Race to the Top: What Matters Most?6 Comments
In “The Teachers’ Unions’ Last Stand: How Obama’s Race to the Top Could Revolutionize Public Education,” New York Times Magazine, Steven Brill argues that “what the reformers have come to believe matters most is good teachers.” He later reiterates that “the core of the reformers’ argument, and the essence of the Obama approach to the Race to the Top, is that a slew of research over the last decade has discovered that what makes the most difference is the quality of the teachers and the principals who supervise them.” Yet this claim quickly yields to the refrain of how difficult it is for school districts to rid themselves of bad teachers. Of course teachers matter—a great deal; as do the principals who supervise them. Since our teachers often shoulder the brunt of the responsibility for the success or failure of schools, how do we invest in teachers to ensure the success of all students?

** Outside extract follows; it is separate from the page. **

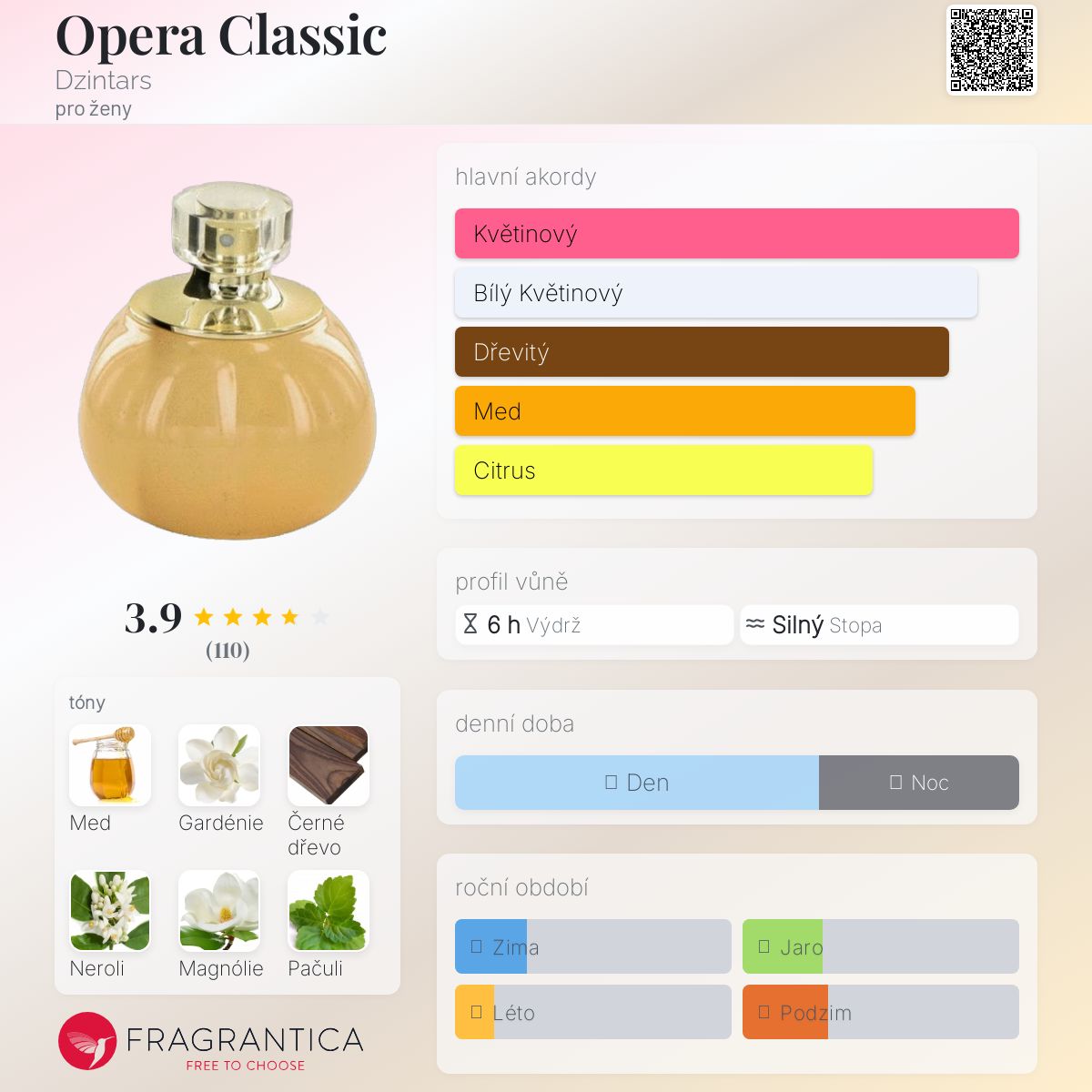 Opera Classic podle Dzintars je Floral Fruity Gourmand vůně pro ženy. Opera Classic byl/a uveden/a v roce 2013. Vrchní tóny jsou Neroli, Pomeranč a Červené bobule; střední tóny jsouGardénie, Magnólie a Růžová pivoňka ; základní tóny jsou Med, Černé dřevo a Pačuli.

As the June 1 Race to the Top deadline nears, the buzzword in education is accountability—which we are to understand as teacher accountability. Teachers must be held accountable for the learning gains—or lack of gains—of their students. Some would suggest that the best way to hold teachers accountable is to look at students’ test scores. Is this really the best way to measure the skill and ability of a teacher? How can we develop a meaningful system of accountability that looks beyond the individual teacher to the broader context of a school or a school district? How do we spread the accountability evenly and appropriately?